CES 2020 is over, but the journey towards certifiable motion planning software has only begun
published by Stefano Longo, Embotech’s Head of Automotive
If you wonder how a niche provider of real-time decision-making software finds its place at the Consumer Electronics Show 2020 in Las Vegas, you’re not alone. I was also puzzled when Embotech, the spinoff company from ETH (Zurich) I recently joined, announced they will have a booth at CES to demonstrate their motion planning technology among giants such as Google, Sony, Amazon, BMW, Ford or GM. But things became clear from day 1. CES is about our future and global innovation, and motion planning, the very core of autonomous driving, is undoubtedly a huge part of it.
Motion planning is that part of the autonomous vehicle software that decides how to steer, brake and accelerate. It’s safety critical, yet it needs to make passengers feel like there is a human at the wheel, otherwise no one will accept it. Motion planning is only part of Embotech’s real-time decision-making solutions, but it’s the application that has lead software and hardware providers such as NXP, dSPACE, ANSYS and Green Hills Software to enter a partnership or collaborate with us.
For a small company to have its motion planner software running concurrently on three booths at CES is quite of an achievement. At the NXP booth (or palace?) Embotech’s motion planner was controlling, in a hardware-in-the-loop setup and in real time, the dSPACE autonomous driving simulator. At the ANSYS booth, Embotech’s motion planner was used to demonstrate a real-time redundancy system that would bring a vehicle to a safe state, in case of failure on the primary planner. At our booth (figure below), we showed how our planner could re-plan and send updates to the dSPACE simulator at a rate up to 10 Hz, running on an NXP BlueBox (automotive grade hardware).

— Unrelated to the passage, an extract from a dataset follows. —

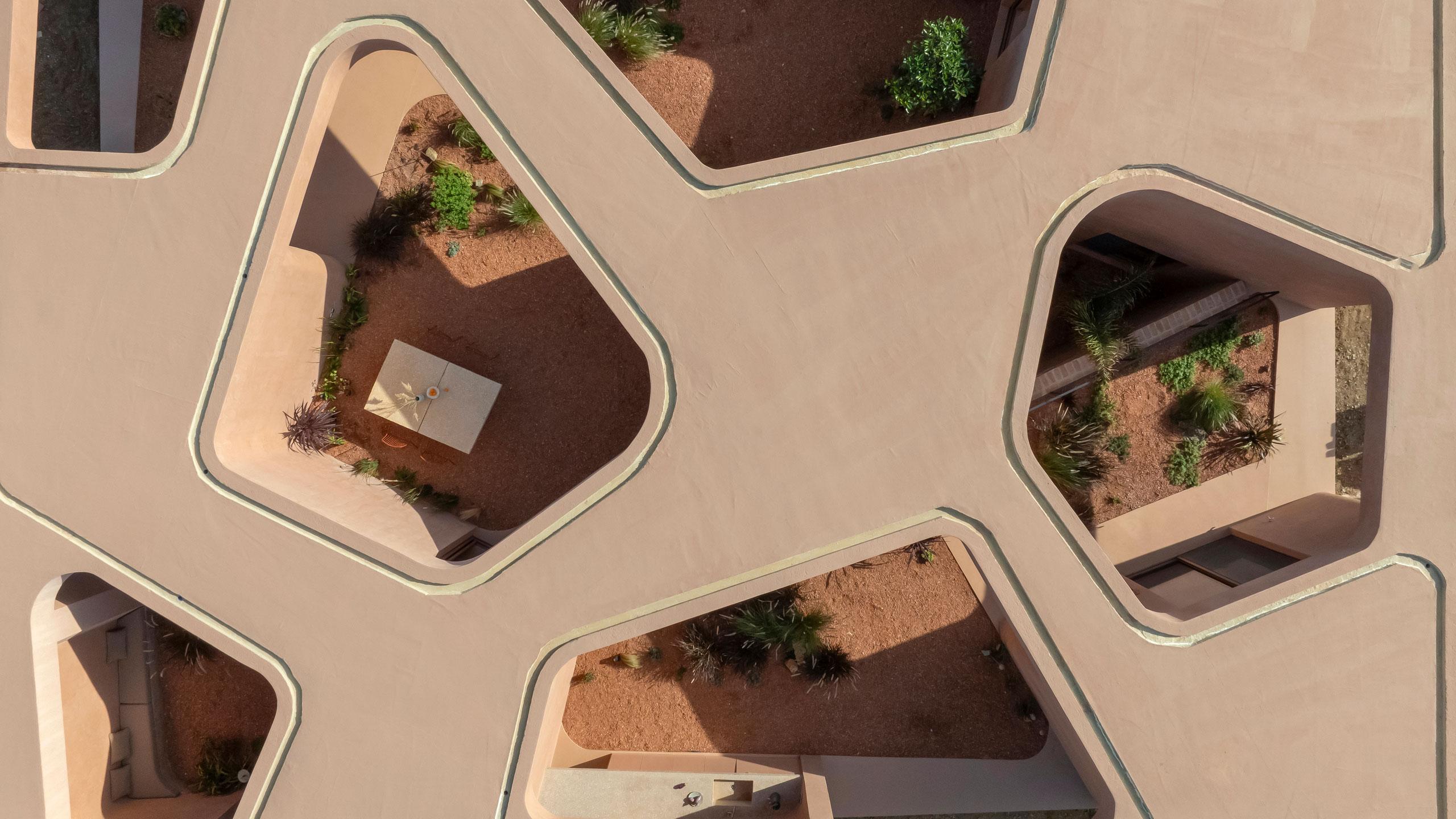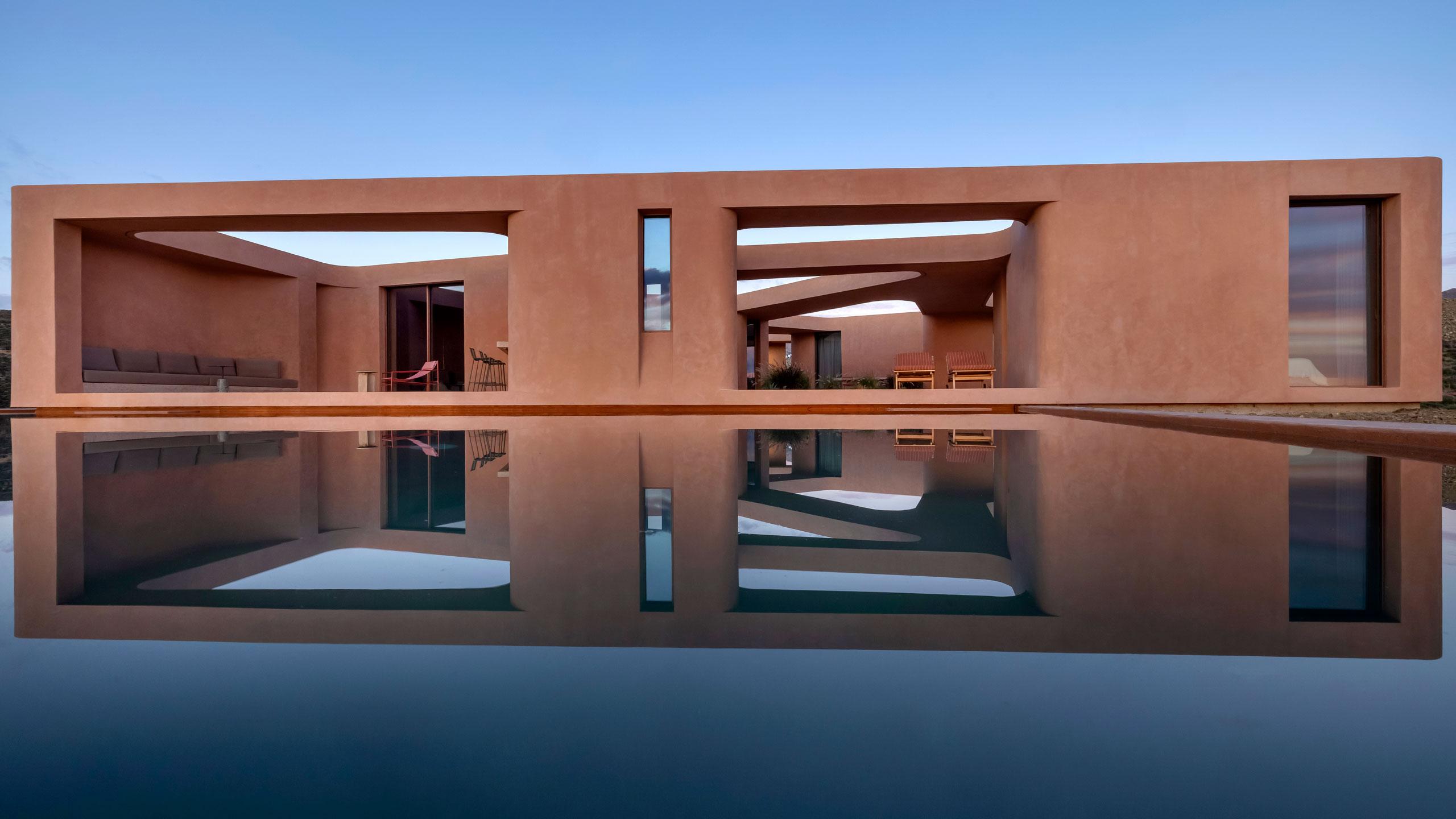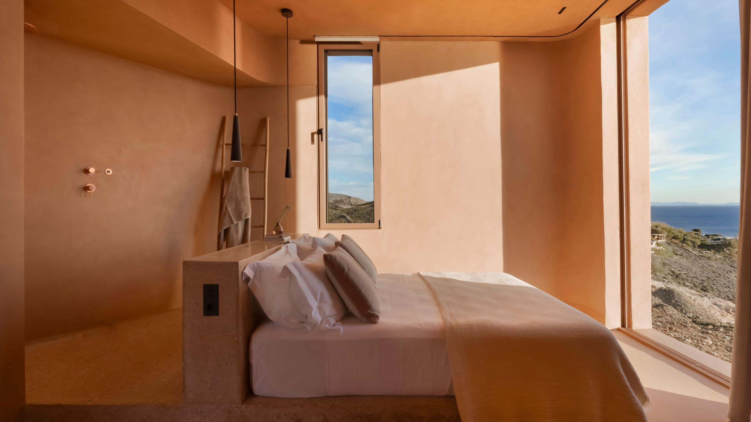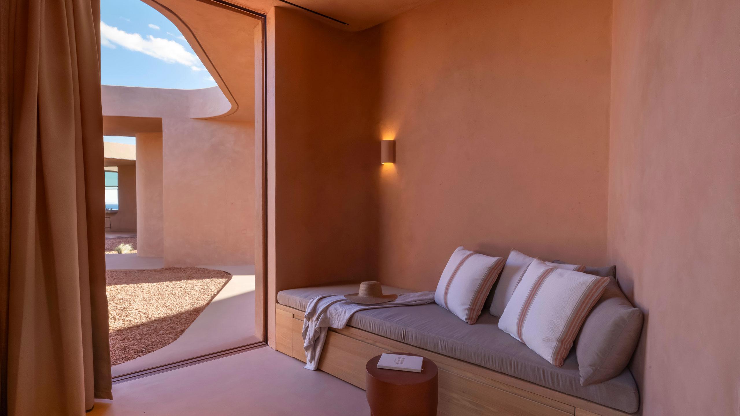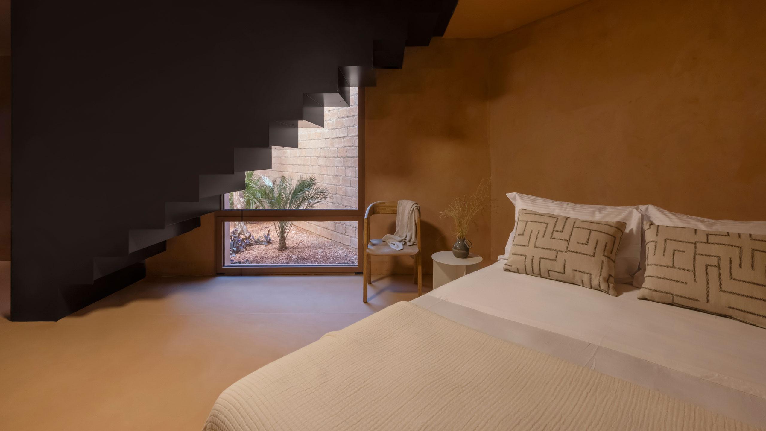 The residence utilizes a monastic blueprint to thoughtfully separate private quarters from shared social hubs, accommodating up to twelve guests across five en-suite bedrooms. Each suite is conceived as an autonomous sanctuary of shadow and light, oriented toward either the expansive sea or the silent protection of internal, landscaped courtyards. These emerald pockets of native planting soften the villa’s sharp geometry, grounding the earth-hued interiors and micro-mosaic finishes within their natural surroundings. The house functions as a continuous loop, an architectural rhythm of opening and closing that allows the individual and the group to coexist without ever competing for space.

There are a few points to emphasize here
Embotech’s motion planner has been designed for highway driving. How could it perform so well in an urban environment with oncoming traffic, parked cars and pedestrians? The secret is that it’s conceptually very different from the typical approach. Instead of considering fix driving scenarios and do the planning by selecting from suitable paths among a pre-defined set, Embotech uses online mathematical optimization. All the software needs to know is where it’s allowed to drive (road, obstacles, etc.) and what the rules are (speed limits, road signs, etc.). This is converted into a set of equations that, when solved, give commands to steer, accelerate or brake.
Is this approach new? Not really. The idea has been around for quite some time. The problem is that to solve those equations within a few milliseconds has always been a challenge. And you really need to solve that fast, otherwise you won’t have time to re-plan around that kid that has just popped up behind the parked car.

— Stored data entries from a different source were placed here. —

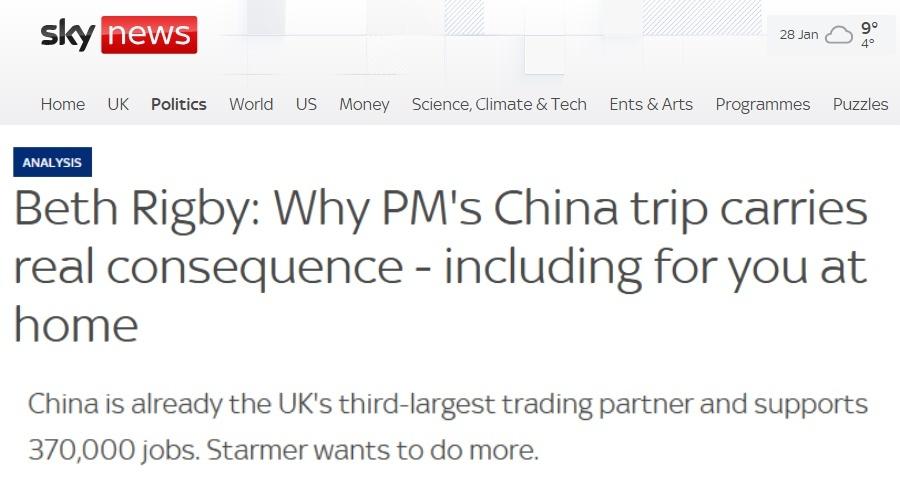 英國首相斯塔默1月28日至31日對中國進行正式訪問。多家外媒持續關注。
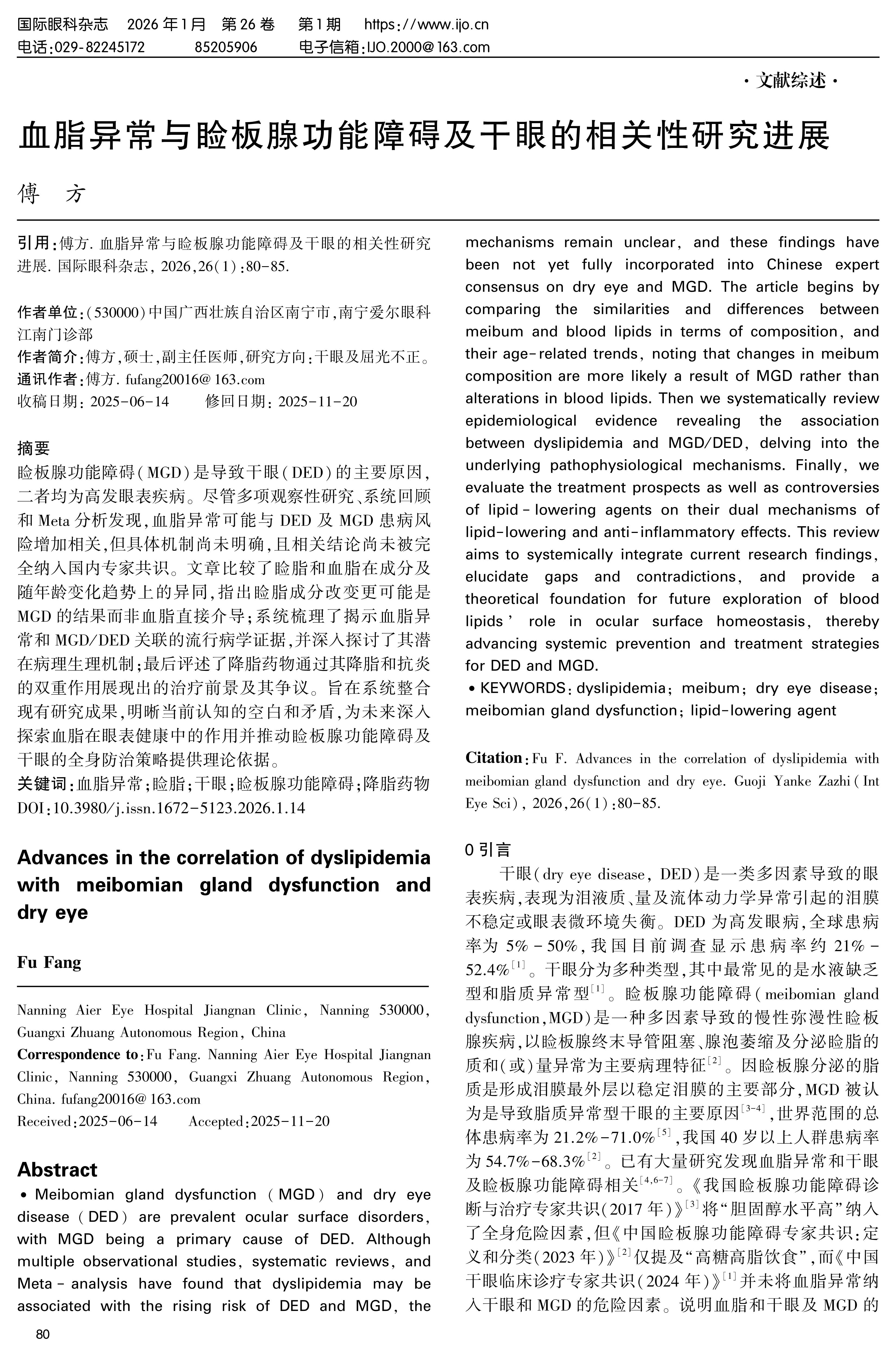 睑板腺功能障碍(MGD)是导致干眼(DED)的主要原因,二者均为高发眼表疾病。尽管多项观察性研究、系统回顾和Meta分析发现,血脂异常可能与DED及MGD患病风险增加相关,但具体机制尚未明确,且相关结论尚未被完全纳入国内专家共识。文章比较了睑脂和血脂在成分及随年龄变化趋势上的异同,指出睑脂成分改变更可能是MGD的结果而非血脂直接介导; 系统梳理了揭示血脂异常和MGD/DED关联的流行病学证据,并深入探讨了其潜在病理生理机制; 最后评述了降脂药物通过其降脂和抗炎的双重作用展现出的治疗前景及其争议。旨在系统整合现有研究成果,明晰当前认知的空白和矛盾,为未来深入探索血脂在眼表健康中的作用并推动睑板腺功能障碍及干眼的全身防治策略提供理论依据。
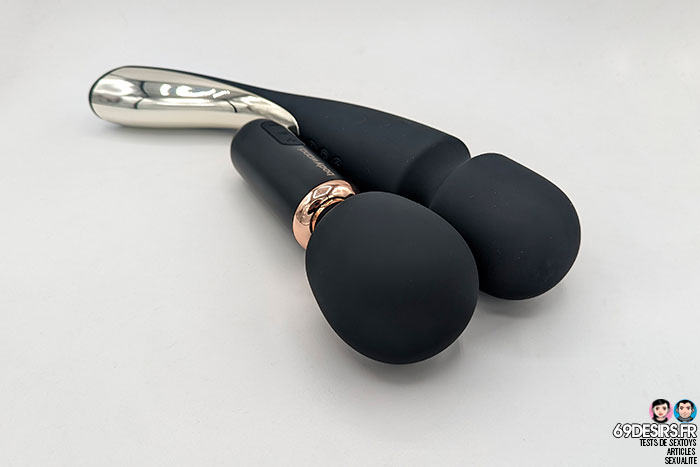 À l’extrémité de la wand, du côté du manche, nous avons deux points magnétiques afin de venir clipser le câble de chargement pour recharger sa batterie interne. Juste avant le cou en accordéon assez fin, nous avons un cerclage doré, presque « rose gold ». Et enfin, nous avons une large tête, en silicone noire, mais qui n’est pas détachable. N’essayez pas de le faire, car on peut voir que la tête reste tout de même collée, ce n’est pas fait pour cela.
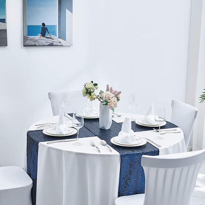 - Size: The 12" x 72" navy sequin table runner is suitable for tables that can accommodate 4-6 people

The reason why people have struggled to generate fast enough solutions is because they have used generic solvers for those equations. Such solvers do the job, but it’s like using a bazooka to kill a fly. What Embotech has developed over the years is a solver that is highly specialized to solve those specific equations. The Embotech solver, called FORCES PRO, won’t perform well on generic optimization problems but will outperform any other solver on specific ones. If you’re into math and computer science, I’ll give you a hint to see how this is possible. The solver uses the particular structure of certain matrices (symmetry, sparsity, etc.) and performs the calculations in a specific order so that every microprocessor’s clock tick and every bit of memory allocation is used in the most effective way. There is an art in tuning the algorithm parameters too, and Embotech has been tweaking those since our co-founder started his PhD 9 year ago.

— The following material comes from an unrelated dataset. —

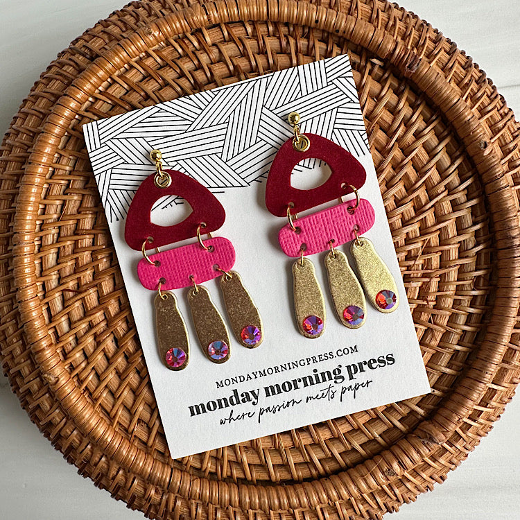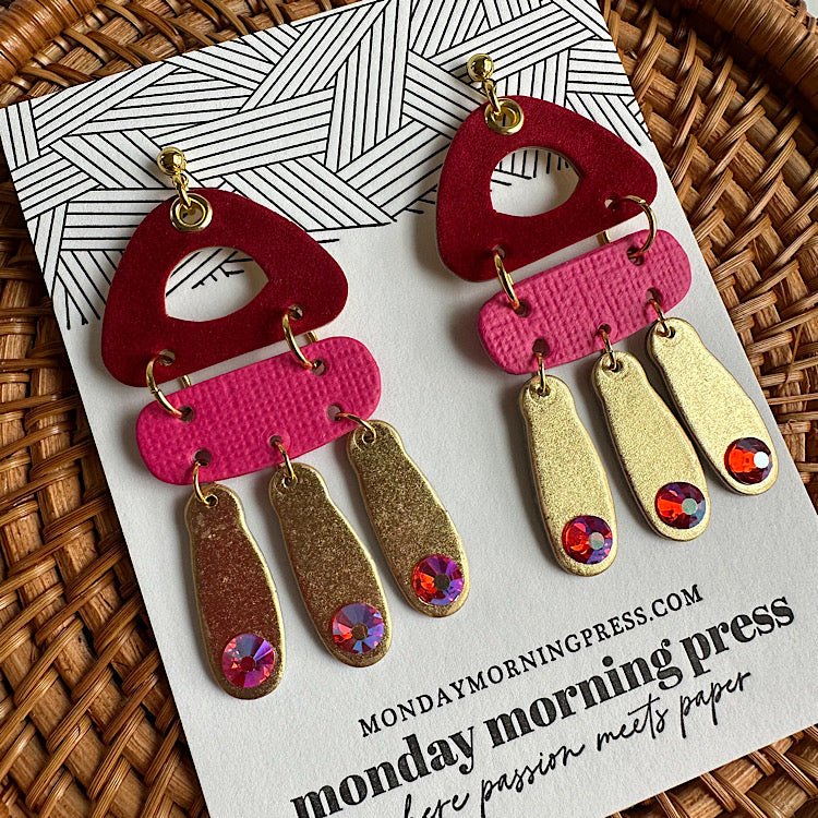 All earrings are made out of paper. They are sealed for water resistance but are NOT waterproof, please treat with care.  MMP is not responsible for water damage.
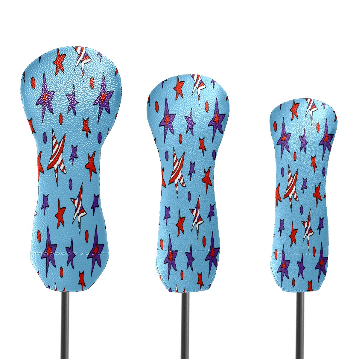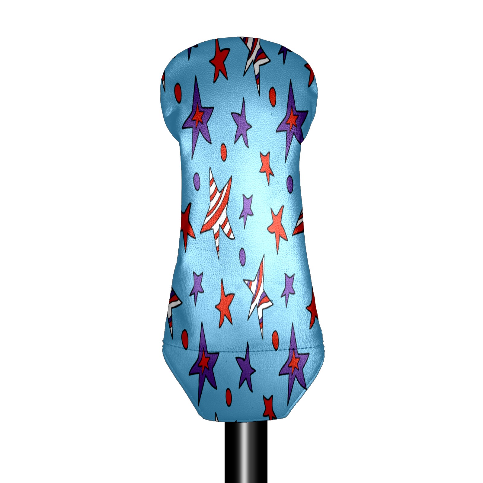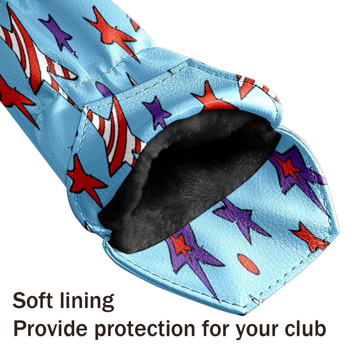 PU Leather Golf Putter Head Covers for Driver, Fairway Wood & Hybrid Clubs, Unisex, Fits All Brands American Stars On Blue Background

CES is over now. As I joined old and new colleagues in the Bay Area the week after, I found myself discussing where we are and where we’re going. I’m now more than ever convinced that autonomous driving will become a reality sooner than we expect and that the safety issue, although still open, is solvable. While machine learning algorithms remain the dominant method to make sense of the environment, solving the motion planning problem deterministically seems to be the only viable way to achieve certification and a trustable product. The industry is converging to this, and Embotech, although only a specialized provider within the whole autonomous driving software stack, has the key to the certification door. Something to that end may be announced at CES 2021.